2. There’s A Potentially Deep Combat System

The Bard’s Tale IV’s combat takes place in on a four-by-four grid. Your party has access to the eight spaces directly in front of you, and your enemies occupy the eight opposing spaces. Your positioning determines whether or not you can reach enemies with your attacks, and whether the enemies can reach you. There are directional attacks that do damage to all enemies within a certain column, as well as attacks that push or pull enemies within their grid. This means you can set up interesting combos like throwing caltrops onto the field in front of enemies with your rogue, then pulling them closer with your fighter’s taunt, ensuring that they take damage as they move over the spikes.

Positioning your party also affects the outcome of the battle. It’s probably a bad idea to put your rogue and your magic-user in front, so you have the ability to move your fighter or your bard to the front lines between battles. Even the best-laid plans can go awry, though. If your enemies get the drop on you, your party’s positioning will flip, putting your squishiest members in harm’s way. 

3. There Are Some Cool Exploration Elements

I had fun with the game’s systems. As you gain party members, you gain access to Songs of Exploration, spells that can be used to open secret doors and solve puzzles. In the opening hours, it was obvious which song I was supposed to use. For example, an ability called “Hidey-Bide” reveals hidden item caches, and “Jarnel’s Eyes” reveals hidden corruption in the environment, such as shadowy figures disguised as villagers, as well as a large area of the map. These abilities made me feel a little more connected to the fantasy of being a bard.

Locked doors around the world sometimes require short puzzles where you move gears around to create a working mechanism. These puzzles are a simple addition that could usually be completed by just moving the gears back and forth until I found the solution, but they were more interesting than traditional “find the key” doors (though I found some of those, too).

4. The Presentation Is ... Mixed

The Bard’s Tale IV’s voice acting isn’t half bad, but everything else is sub-par. There are several types of cutscenes: the hand-drawn/painted cinematic that introduced the world’s lore, the FMV intro, and in-game animated scenes where characters walk around and talk to each other.

Most bizarrely, the game’s major scenes are constructed with flat, blurry images of the character models, cut out and plastered in front of pre-rendered backgrounds. These images don’t move (no lip-synching) apart from being warped and stretched slowly to create the illusion of life. If you need help picturing this, imagine the Hearthstone cinematic trailers, but made with flattened 3D assets ... and also bad.

The game’s in-game visuals aren’t the best, either. Lighting is okay, textures are muddy, and character models are chunky and lack variety.

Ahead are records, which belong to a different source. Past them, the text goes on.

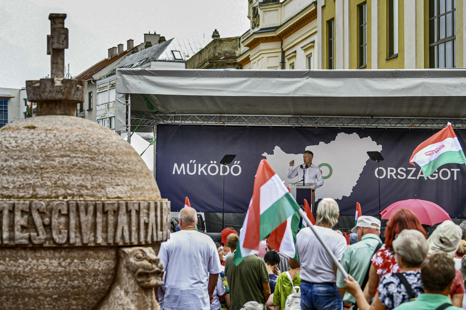Itt már csak a poénkodás maradt! - reagálnak Orbán Viktor eget rengetőnek szánt tusványosi bejelentésére, a Digitális Polgári Körökre amellett a színpad mellett, amelyet a székesfehérvári Városház téren állítottak fel a Tisza Párt szombat délelőtti tüntetésére. A miniszterelnök ma, szombat délelőtt állt újra a 34. Bálványosi Nyári Szabadegyetem és Diáktáborban, ahol azt is elárulta, belső fideszes felmérések szerint a Fidesz jövőre 106-ból 80 vagy 87 választókerületben nyerni fog. Magyar Péter politikai alakulatának a hívei nevetségesnek tartják ezt is, nem mintha a Tisza Párt elnökének a kijelentésein ámuldozni tudnának. – Persze nagy dolgokat most már éppen Magyar Pétertől sem várunk, de mit lehet még itt mondani, őszintén? Jó lenne előrehozott választás, ha holnap lenne, már az is késő – jegyzi meg egyikük.
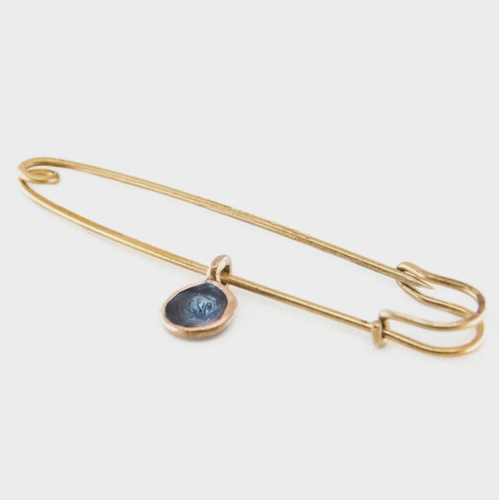 The classic 'Nonna' brooch is made from brass & features a bronze with enamel charm.
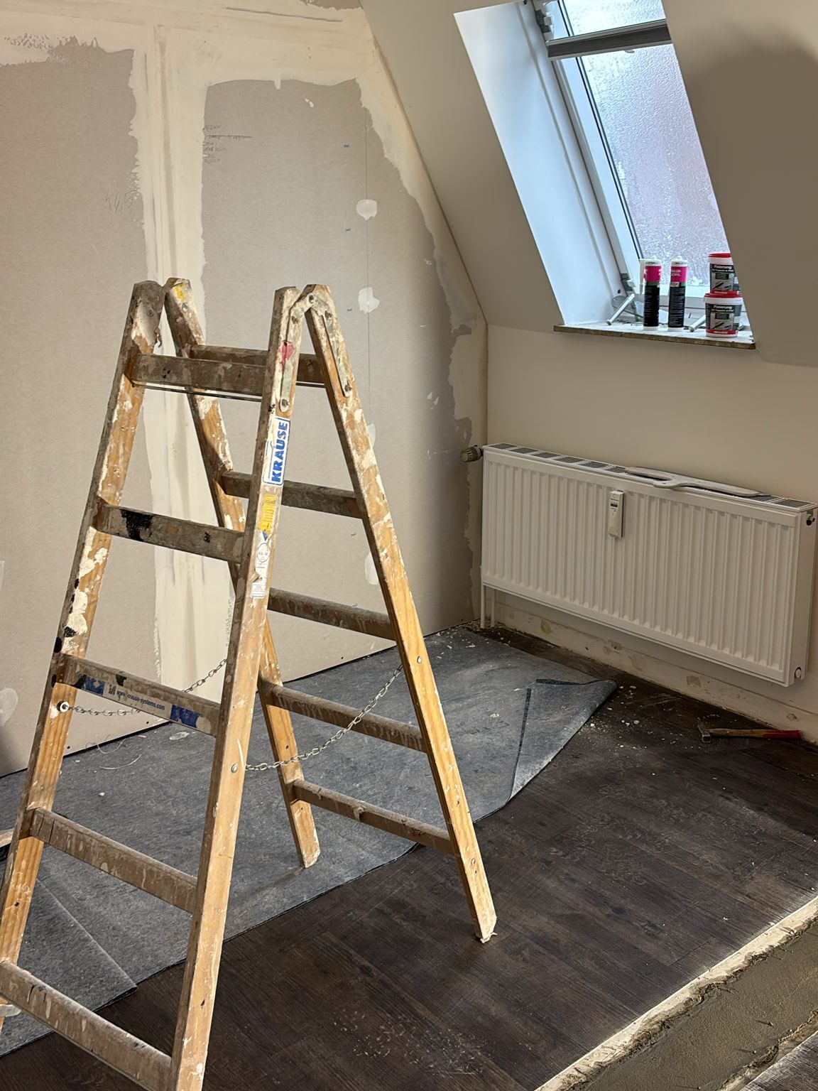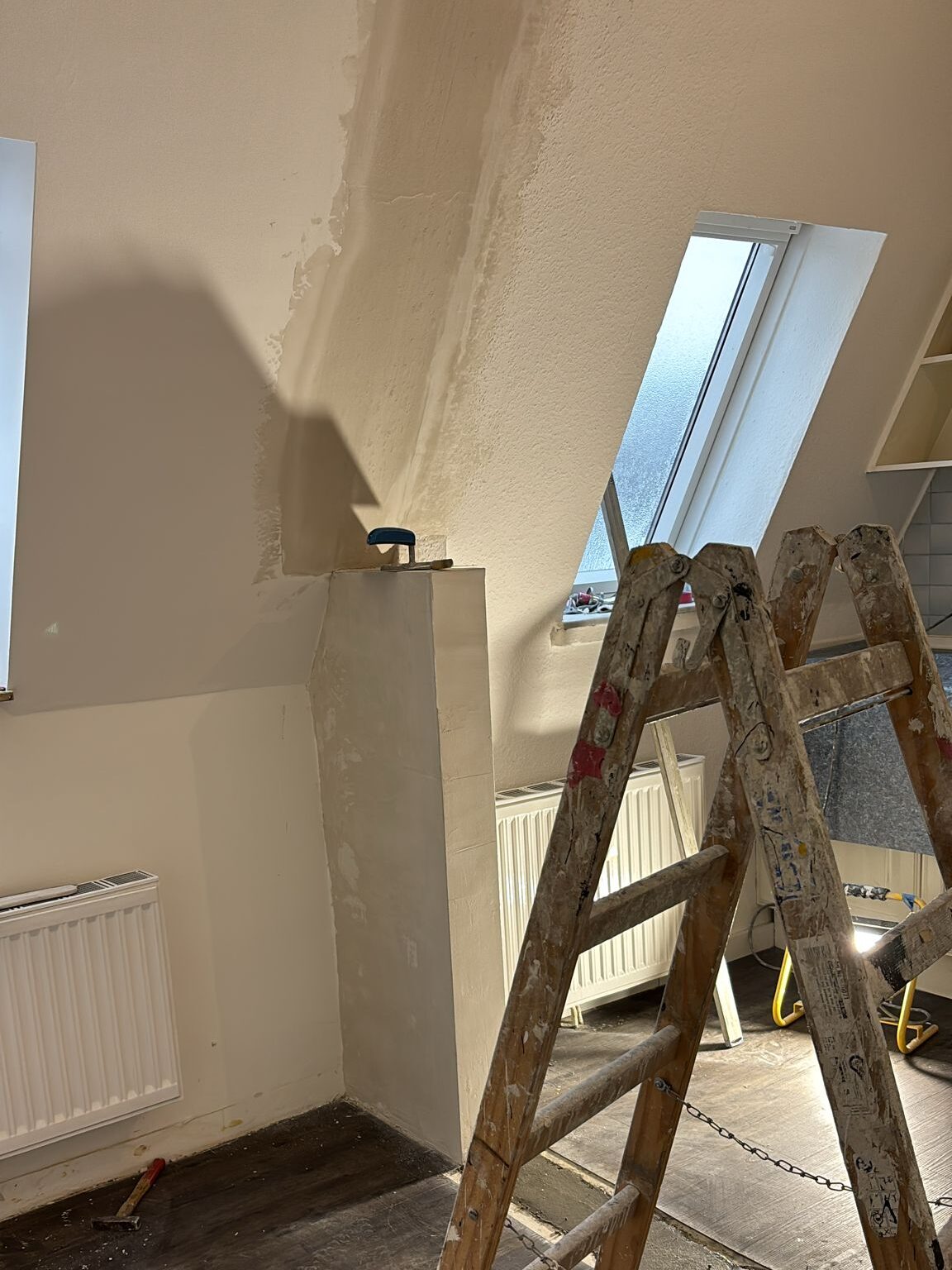 Die neue Wand passt sich optimal an Dachschräge, Fenster und Heizkörper an und sorgt für eine moderne, klare Raumaufteilung mit deutlich mehr Wohnkomfort.

It also wasn’t as funny as I expected given the series’ reputation as one that attempts to make players laugh with all kinds of drunken debauchery. There were a couple eye-roll inducing jokes, like a pocket-picking skill for the rogue called “cavity search,” but I generally didn’t hear or read much that seemed like it was trying to make me laugh. Oh, except for when your enemies turn around and wave their asses at you. That happens sometimes. Yeah...

 

The Bard’s Tale IV’s opening hours felt a little rough around the edges, but there were enough interesting ideas to leave me curious about the final game. We’ll see if InXile Entertainment will take full advantage of The Bard's Tale IV's potential when the game releases on PC on September 18.

One thing's for sure: I'm looking forward to more of the fake-elf-eared guy. Let’s get more campy FMV in video games, please.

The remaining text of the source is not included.